Highlights & Insights¶
- "ID calibration as a hard constraint + geometric projection" is the most transferable design. Any scenario involving "Main goal vs. Red-line goal" (fairness, safety, or sparsity constraints) can apply this asymmetric projection template.
- Attributing OOD robustness to the frequency domain provides a tangible engineering interface for "domain-invariant features." Unlike abstract invariant learning, FGR applies priors via DCT block-wise low-pass filtering, which also preserves local spatial structures better than global Fourier filtering.
- Mixed data strategy: Filtering only a subset of samples allows the model to see both "clean fine boundaries" and "robust coarse features," which is more effective than simple data augmentation for the "OOD gain without ID loss" objective.
Limitations & Future Work¶
- Task Scope Limitations: Experiments focus on image classification with CNN/DenseNet backbones. Interaction between Transformer/ViT patches and DCT block sizes may not be trivial.
- Strong Assumption: High Frequency = Spurious Shortcut: While supported by literature, in medical imaging or fine-grained recognition, high-frequency signals might be task-relevant. Although FGR improved ID accuracy on Camelyon17, caution is needed for high-frequency discrimination tasks.
- First-order Projection: Proposition 4.1 only guarantees non-increasing ID calibration in an \(\mathcal{O}(\eta^2)\) sense. It doesn't strictly prevent slow drift under large learning rates or long dynamics; the "insert after 200 epochs" choice mitigates this but lacks long-term stability theory.

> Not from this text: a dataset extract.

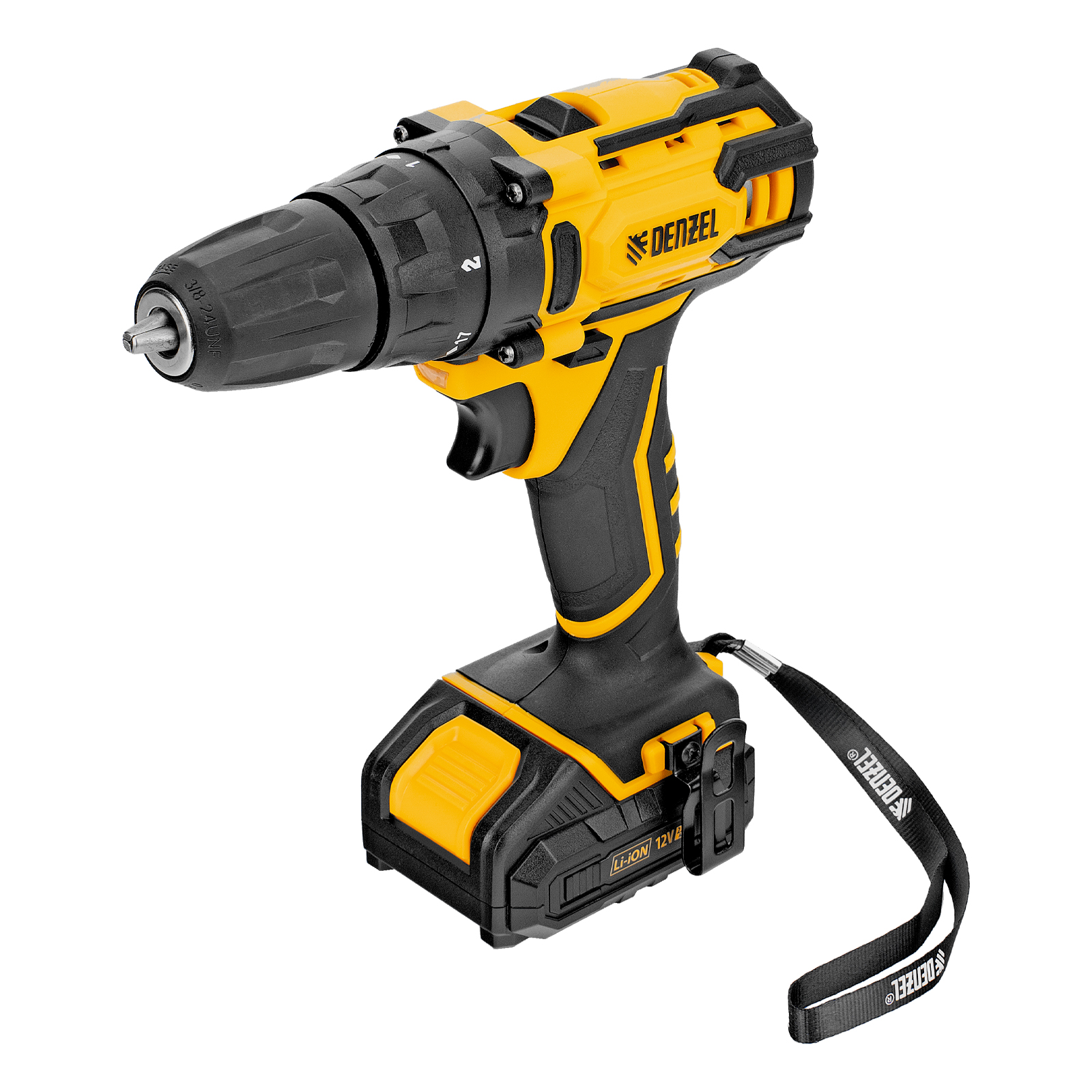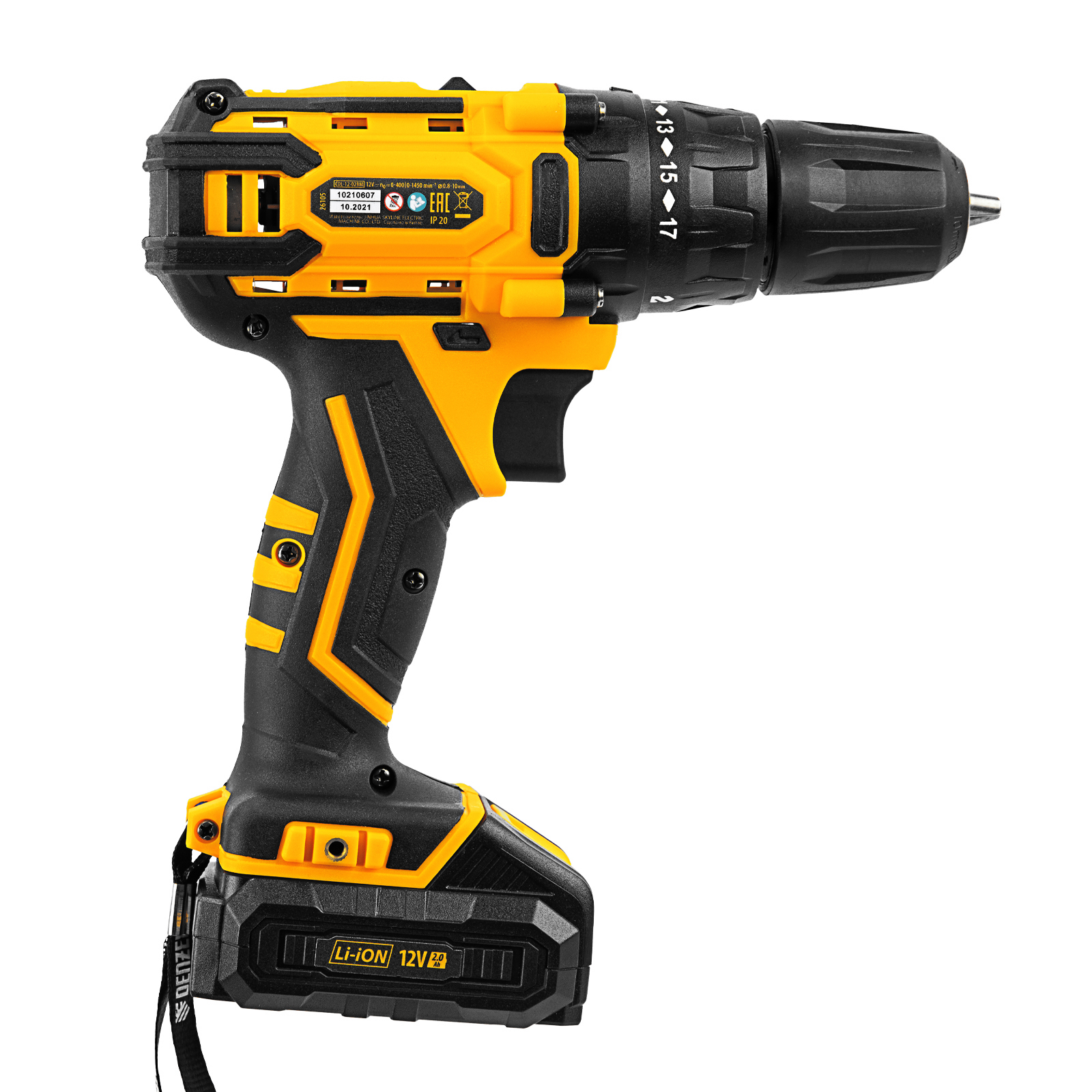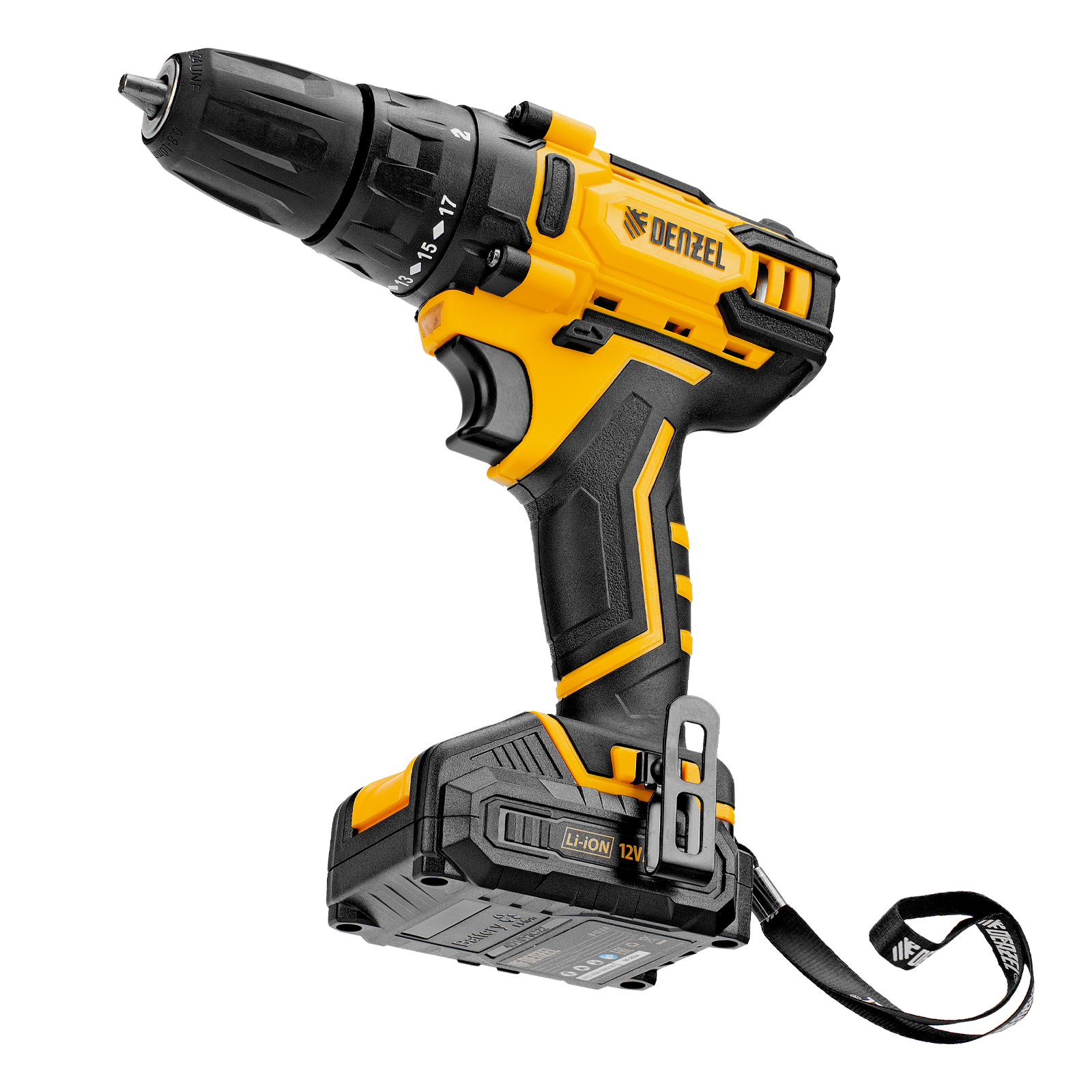 Аккумуляторная дрель-шуруповерт Denzel CDL-12-02BM 26105 с 2 батареями Li-Ion 12 В предназначена для монтажа и демонтажа резьбовых соединений, cверления отверстий в металле (до 10 мм), древесине (до 16 мм), пластмассе и других материалах. Инструмент пригодится профессионалам и любителям на строительной площадке, дома или на даче.,Надежные литий-ионные аккумуляторы без эффекта памяти и защитой от глубокого разряда обеспечивают долгий срок службы инструмента. Дрель не зависит от сети питания, что делает удобной работу на строительных объектах, на высоте и в отдаленных участках дома.

- Future Directions: Replacing DCT with learnable frequency masks; extending hard constraints to multiple objectives (e.g., ID calibration + ID accuracy); combining with TTA for joint train-test calibration.
Related Work & Insights¶
- vs. Adaptive Temperature Scaling (Yu et al. 2022 / Wang et al. 2024): These require target domain access to train temperature regressors; FGR is target-agnostic and easier to deploy.
- vs. Focal / MaxEnt / Dual Focal Loss: These only regularize the loss without an explicit OOD source. FGR’s filtering simulates distribution shift during training.
- vs. PCGrad (Yu et al. 2020) / CAGrad (Liu et al. 2021): These are symmetric methods; FGR promotes ID calibration to a hard constraint via asymmetric projection, removing hyperparameter tuning.
- vs. AugMix (Hendrycks et al. 2020): Strong on synthetic shift but weak on WILDS real-world shift; FGR is robust on both, suggesting frequency priors are more general than pixel-level mixing.
Rating¶
- Novelty: ⭐⭐⭐⭐ The "frequency filtering + hard constraint projection" combo is novel. While parts have precedents, upgrading ID to a hard constraint via asymmetric projection is a conceptual leap.
- Experimental Thoroughness: ⭐⭐⭐⭐⭐ Covers synthetic (CIFAR-C), real (Camelyon17 / iWildCam), and semantic (Office-Home) shifts, with comparisons to PCGrad / CAGrad / post-hoc TS.
- Writing Quality: ⭐⭐⭐⭐ Formulaic and geometric intuitions are clear. Proposition 4.1 clarifies the optimization semantics.
- Value: ⭐⭐⭐⭐ Addresses the deployment pain point of target-domain dependency in OOD calibration. Significant OOD improvement for only 18% extra training time is highly practical.